**The data**:
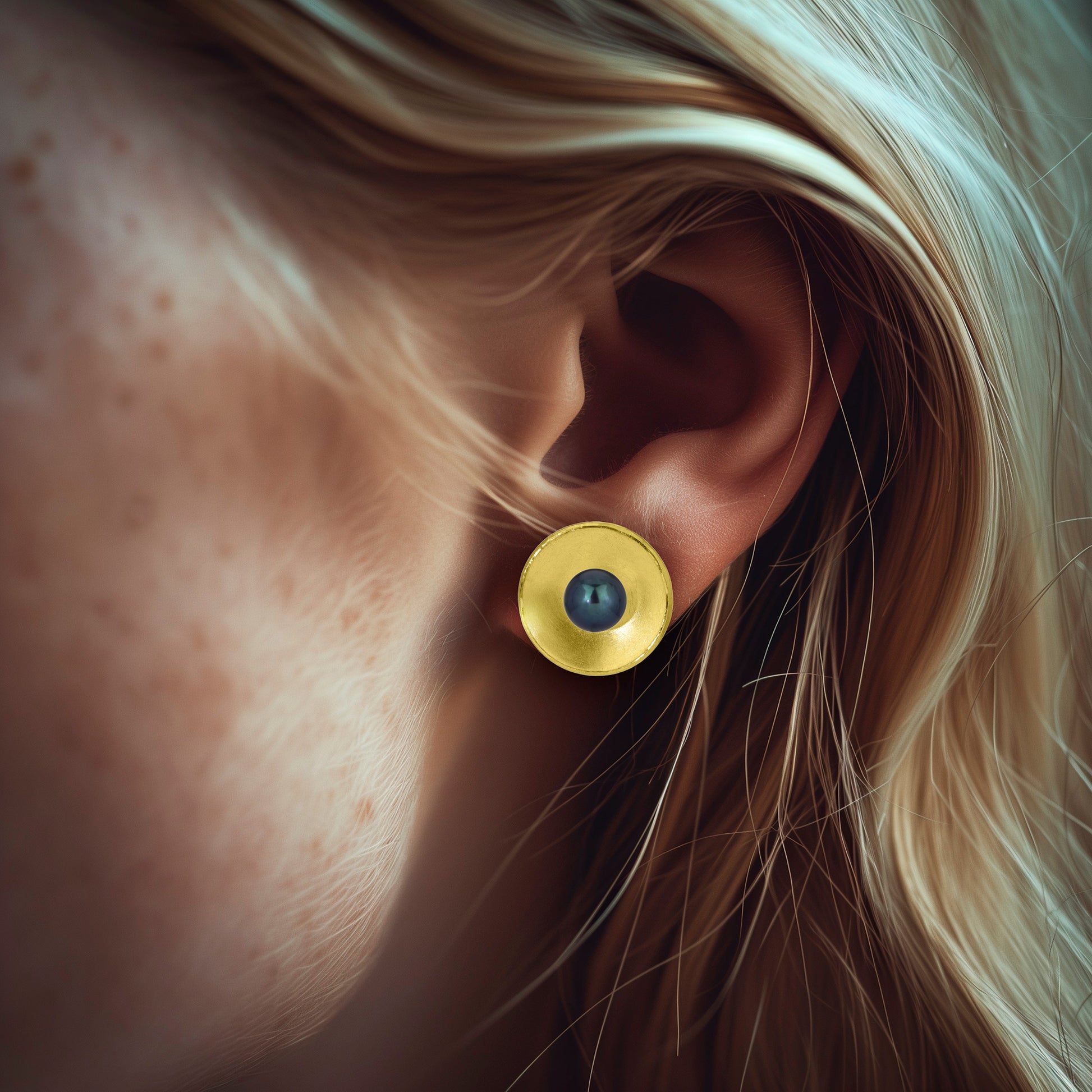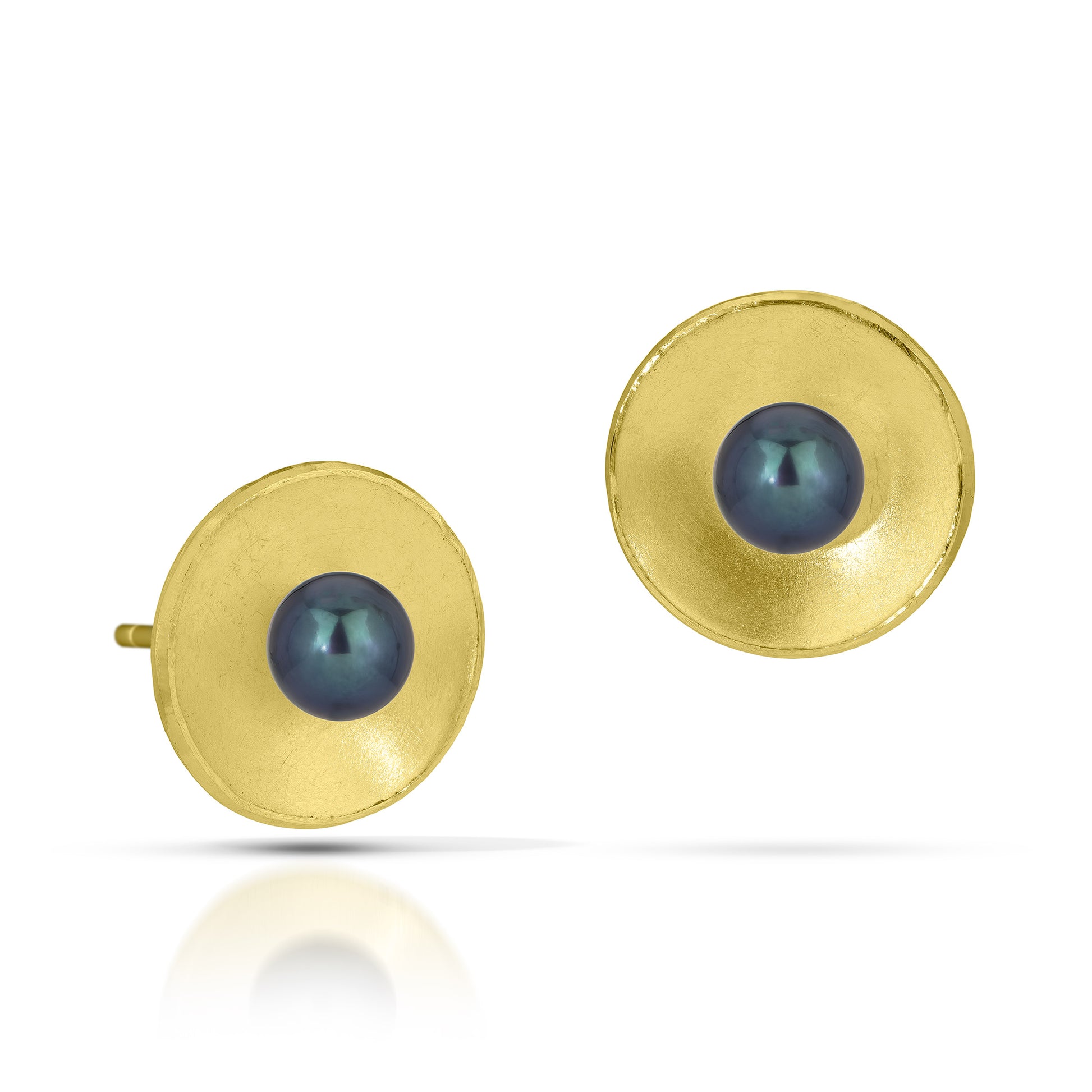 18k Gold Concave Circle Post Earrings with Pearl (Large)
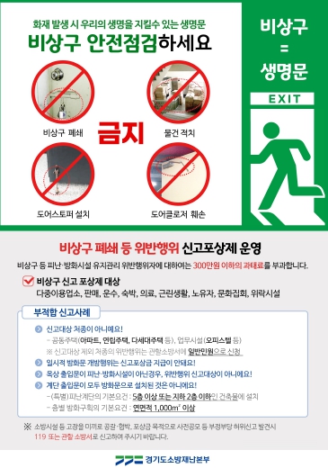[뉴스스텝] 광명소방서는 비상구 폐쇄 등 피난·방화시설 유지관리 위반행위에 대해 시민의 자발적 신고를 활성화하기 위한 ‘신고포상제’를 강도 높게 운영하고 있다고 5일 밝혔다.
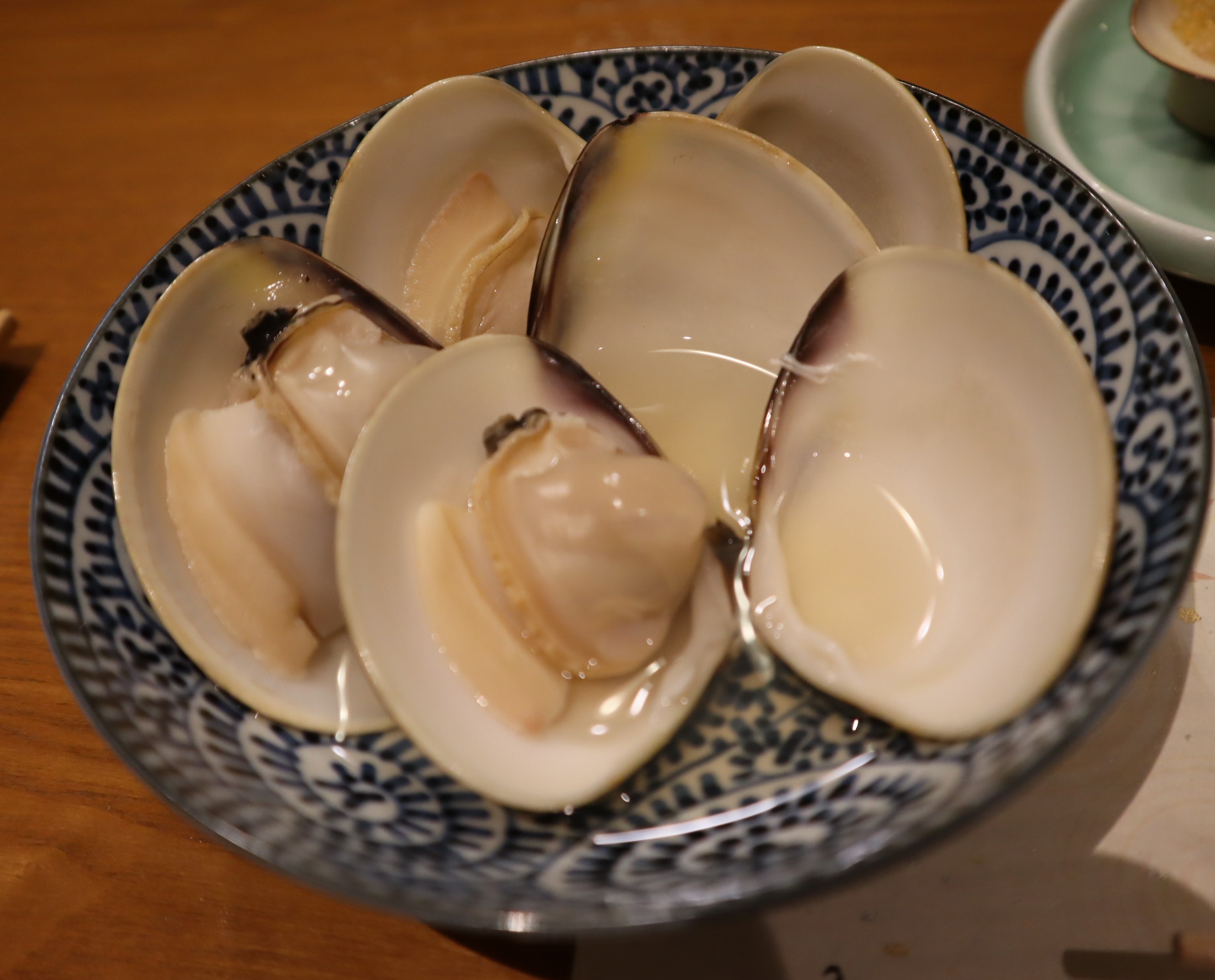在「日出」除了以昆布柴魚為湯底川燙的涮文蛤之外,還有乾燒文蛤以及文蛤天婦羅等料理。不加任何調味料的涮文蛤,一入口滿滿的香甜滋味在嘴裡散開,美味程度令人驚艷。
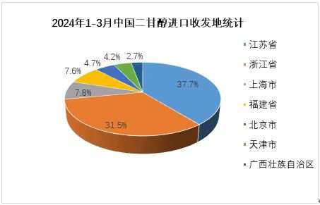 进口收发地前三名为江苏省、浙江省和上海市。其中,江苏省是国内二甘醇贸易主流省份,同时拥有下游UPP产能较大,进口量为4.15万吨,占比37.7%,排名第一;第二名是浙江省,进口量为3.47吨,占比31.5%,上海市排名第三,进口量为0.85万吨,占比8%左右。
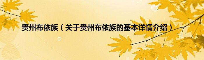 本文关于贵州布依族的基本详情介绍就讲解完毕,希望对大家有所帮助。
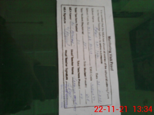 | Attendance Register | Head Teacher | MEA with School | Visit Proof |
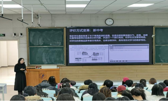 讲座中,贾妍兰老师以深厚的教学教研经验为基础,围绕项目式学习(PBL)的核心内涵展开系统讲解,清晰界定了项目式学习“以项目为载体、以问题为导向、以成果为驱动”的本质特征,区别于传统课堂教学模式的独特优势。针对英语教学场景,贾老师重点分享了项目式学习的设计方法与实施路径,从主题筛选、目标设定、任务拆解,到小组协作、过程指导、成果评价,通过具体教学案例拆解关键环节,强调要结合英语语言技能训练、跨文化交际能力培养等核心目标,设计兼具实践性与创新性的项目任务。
==
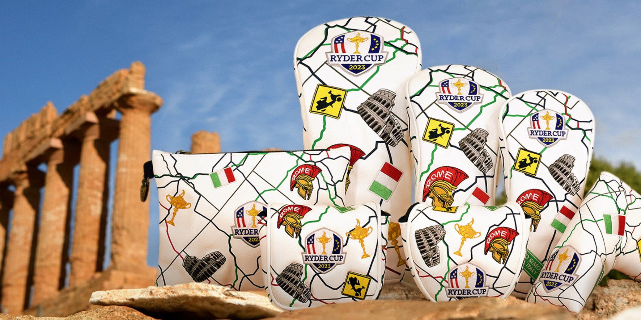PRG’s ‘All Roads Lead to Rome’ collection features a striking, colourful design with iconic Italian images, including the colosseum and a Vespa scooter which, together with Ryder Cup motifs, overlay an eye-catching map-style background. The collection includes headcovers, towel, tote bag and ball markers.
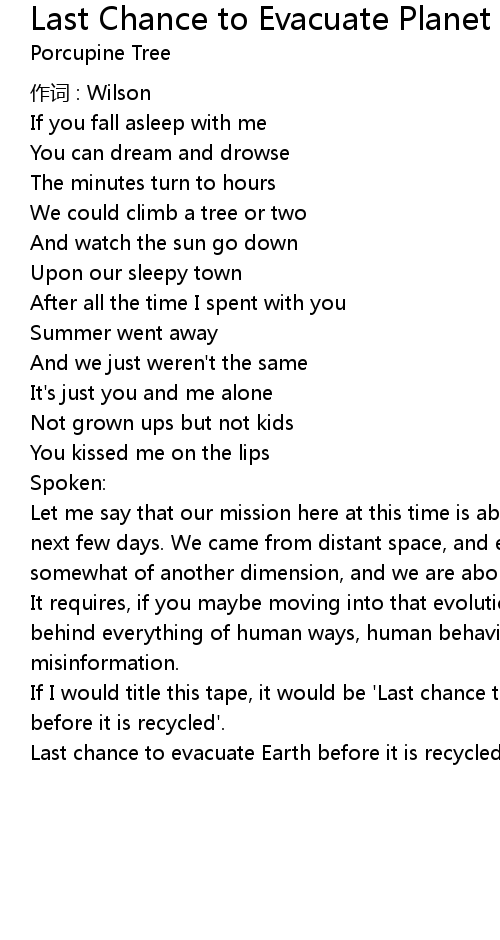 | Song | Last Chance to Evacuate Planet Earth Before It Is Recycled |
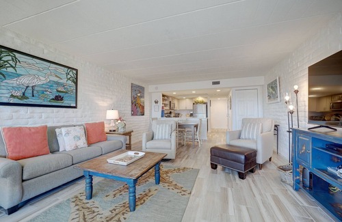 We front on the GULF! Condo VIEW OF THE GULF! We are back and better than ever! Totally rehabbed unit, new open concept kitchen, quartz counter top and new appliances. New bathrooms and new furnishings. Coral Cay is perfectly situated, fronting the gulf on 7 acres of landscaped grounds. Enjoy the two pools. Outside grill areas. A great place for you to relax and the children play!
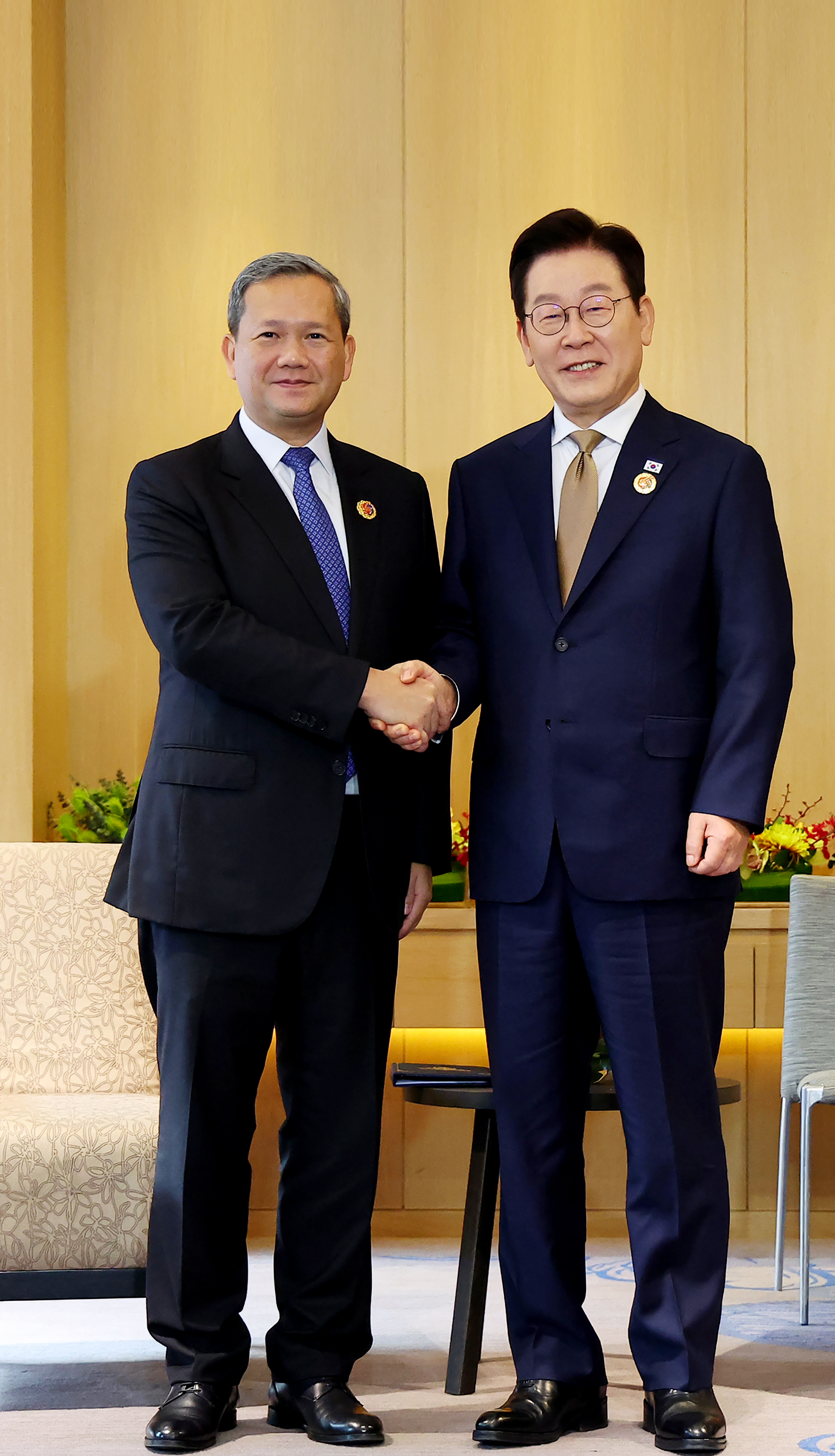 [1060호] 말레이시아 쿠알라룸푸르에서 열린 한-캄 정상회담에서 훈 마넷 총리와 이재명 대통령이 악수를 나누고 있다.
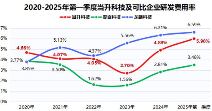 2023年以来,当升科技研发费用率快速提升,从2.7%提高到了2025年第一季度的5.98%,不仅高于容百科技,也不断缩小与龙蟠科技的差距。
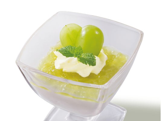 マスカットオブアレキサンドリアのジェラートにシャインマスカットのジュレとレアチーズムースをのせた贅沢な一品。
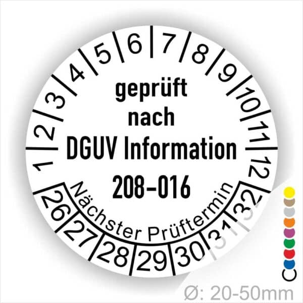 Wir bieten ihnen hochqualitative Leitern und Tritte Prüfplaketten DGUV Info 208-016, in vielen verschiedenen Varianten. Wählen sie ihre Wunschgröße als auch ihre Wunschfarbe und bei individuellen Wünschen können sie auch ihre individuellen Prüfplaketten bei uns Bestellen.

**What to produce**:
Please return the data above exactly as it stands from the line with "18k Gold Concave" to the line with "在「日出」除了以昆布柴魚為湯", keeping both of those lines but none of the pictures.

**Output for this task**:
 18k Gold Concave Circle Post Earrings with Pearl (Large)
[뉴스스텝] 광명소방서는 비상구 폐쇄 등 피난·방화시설 유지관리 위반행위에 대해 시민의 자발적 신고를 활성화하기 위한 ‘신고포상제’를 강도 높게 운영하고 있다고 5일 밝혔다.
在「日出」除了以昆布柴魚為湯底川燙的涮文蛤之外,還有乾燒文蛤以及文蛤天婦羅等料理。不加任何調味料的涮文蛤,一入口滿滿的香甜滋味在嘴裡散開,美味程度令人驚艷。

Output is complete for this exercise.